按照上面的幾個步驟，我們基本可以具備生成我們的火焰圖的前提條件了，但生成火焰圖並不是這篇文章所要表達的目的，記住，我們的目的是：找出問題，分析問題，解決問題！

下面我們就結合案例，介紹如何使用火焰圖輔助性能調優吧

調優實例

demo代碼

demo是一個web的服務端程序，對外提供了兩個用於我們演示的HTTP接口

我們先閱讀 main.go

func main() {
    flag.Parse()

    //高級接口
    http.HandleFunc("/advance", handler.WithAdvanced(handler.Simple))

    //簡單接口
    http.HandleFunc("/simple", handler.Simple)
    http.HandleFunc("/", index)

    fmt.Println("Starting Server on", hostPort)
    if err := http.ListenAndServe(hostPort, nil); err != nil {
        log.Fatalf("HTTP Server Failed: %v", err)
    }
}

啓動服務後, 瀏覽器訪問 http://localhost:9090/simple 和 http://localhost:9090/advance

正常都會輸出

Hello VIP!

雖然輸出的內容是一樣的，但 /advance 接口附加了一些統計功能，我們可以在終端上啓動web服務時，多增加printStats參數：

$ go run main.go -printStats

當我們刷新接口地址的時候，終端都會把訪問信息打印出來，如下：

IncCounter: handler.received.lihaoquantekiMacBook-Pro.advance.Mac-OS.Chrome = 1
RecordTimer: handler.latency.lihaoquantekiMacBook-Pro.advance.Mac-OS.Chrome = 418.07µs
IncCounter: handler.received.lihaoquantekiMacBook-Pro.advance.Mac-OS.Chrome = 1
RecordTimer: handler.latency.lihaoquantekiMacBook-Pro.advance.Mac-OS.Chrome = 71.084µs
IncCounter: handler.received.lihaoquantekiMacBook-Pro.advance.Mac-OS.Chrome = 1
RecordTimer: handler.latency.lihaoquantekiMacBook-Pro.advance.Mac-OS.Chrome = 93.233µs
IncCounter: handler.received.lihaoquantekiMacBook-Pro.advance.Mac-OS.Chrome = 1
RecordTimer: handler.latency.lihaoquantekiMacBook-Pro.advance.Mac-OS.Chrome = 88.246µs
IncCounter: handler.received.lihaoquantekiMacBook-Pro.advance.Mac-OS.Chrome = 1
RecordTimer: handler.latency.lihaoquantekiMacBook-Pro.advance.Mac-OS.Chrome = 99.305µs
IncCounter: handler.received.lihaoquantekiMacBook-Pro.advance.Mac-OS.Chrome = 1
RecordTimer: handler.latency.lihaoquantekiMacBook-Pro.advance.Mac-OS.Chrome = 82.383µs
IncCounter: handler.received.lihaoquantekiMacBook-Pro.advance.Mac-OS.Chrome = 1
RecordTimer: handler.latency.lihaoquantekiMacBook-Pro.advance.Mac-OS.Chrome = 86.55µs
IncCounter: handler.received.lihaoquantekiMacBook-Pro.advance.Mac-OS.Chrome = 1
RecordTimer: handler.latency.lihaoquantekiMacBook-Pro.advance.Mac-OS.Chrome = 109.914µs

OK, 例子很簡單而且表面上看起來web服務都很正常，但背後真的是風平浪靜嗎？畢竟我們的併發量還沒真正上去，cpu和內存都還沒經受考驗呢！
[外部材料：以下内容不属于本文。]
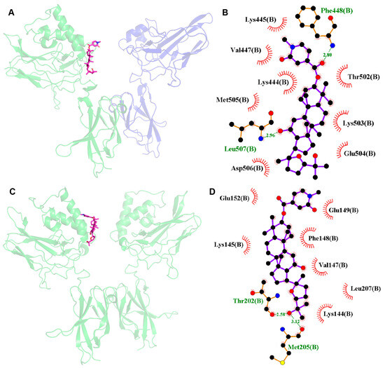 Molecular docking analysis was performed using the p65–p50 heterodimer (PDB: 1VKX) and p50 homodimer (PDB: 1NFK) to elucidate the molecular mechanism of 2c in reducing inflammation via NF-κB. The binding sites of 2c in the two dimers with the highest estimated binding affinity are depicted in Figure 9. Derivative 2c bound to both dimers at a similar site on the p50 subunit via hydrophobic interactions. Hydrogen bonding was observed in the p50 homodimer between the hydroxy group at C-25 and Thr202 (-OH⋯OC-Thr202, 2.58 Å), in the p65–p50 heterodimer between the hydroxy group at C-12 and Leu507 (-O⋯HN-Leu507, 2.96 Å), and between the ester linker and Phe448 (-CO⋯HN-Phe448, 2.80 Å). In the p50 homodimer, the 2c binding site exhibited the function of binding to DNA and maintaining the stability of the homodimer [34]; thus, p50 was stabilized by 2c at a high temperature in the CETSA. The p50 homodimer is an atypical NF-κB species, which exhibits the anti-inflammatory activity by impeding the expression of NF-κB’s target gene [4]. Therefore, the binding of 2c to the p50 homodimer in order to maintain the homodimers’ stability is one of the potential molecular mechanisms underlying its anti-inflammatory activity. In the p65–p50 heterodimer, the 2c binding site was close to the acidic tail binding site [33,48] of the p65 subunit and IκB, which probably impeded the phosphorylation of p65, thereby suppressing inflammation (Figure 9A,B). Such interactions enhanced the p65–p50 heterodimer’s stabilization at a high temperature, resulting in the stabilization of p65 in the CETSA. The p65–p50 heterodimer is the active form of NF-κB. The phosphorylation of the p65 subunit of the heterodimer promotes its nuclear translocation and transactivates major proinflammatory genes associated with inflammation. Thus, another potential molecular mechanism of anti-inflammatory activity of 2c is that it binds to the p65–p50 heterodimer to impede the phosphorylation of p65. However, these molecular mechanisms of 2c should be further confirmed.

我們繼續保持web服務處於工作狀態，然後輸入以下命令：

kapok -d=35 -c=1000  http://localhost:9090/advance

kapok 是我自己開發用於壓測的工具，除此之外，可使用go-wrk 或者 vegeta等http壓測工具代替

在上面的壓測過程中，我們再新建一個終端窗口輸入以下命令，生成我們的profile文件：

$ go tool pprof --seconds 25 http://localhost:9090/debug/pprof/profile

命令中，我們設置了25秒的採樣時間，當看到(pprof)的時候，我們輸入 web, 表示從瀏覽器打開

Fetching profile from http://localhost:9090/debug/pprof/profile?seconds=25
Please wait... (25s)
Saved profile in /Users/lihaoquan/pprof/pprof.localhost:9090.samples.cpu.014.pb.gz
Entering interactive mode (type "help" for commands)
(pprof) web

這樣我們可以得到一個完整的程序調用性能採樣profile的輸出,如下圖：

就像評分報告一樣，模塊間的調用耗時都能從圖中得到展現，但是, 這種圖有個缺點，就是層次很深的話，這周發散性的層級關係有點不友好，我們可能需要換一種展示方式來告訴我們應用是否有問題

好，我們回調終端上，依舊調用壓力測試工具：

kapok -d=35 -c=1000  http://localhost:9090/advance

不過，我們決定使用go-torch來生成採樣報告:

go-torch -u http://localhost:9090 -t 30

大概等三十秒後，go-torch完成採用後，會輸出以下信息：

Writing svg to torch.svg

torch.svg 是go-torch採樣結束後自動生成的profile文件，我們也照舊用瀏覽器進行打開：

嗯，這樣體驗好多了，接下來我們可以基於這個火焰圖診斷一下我們的web服務是否是“健康”的！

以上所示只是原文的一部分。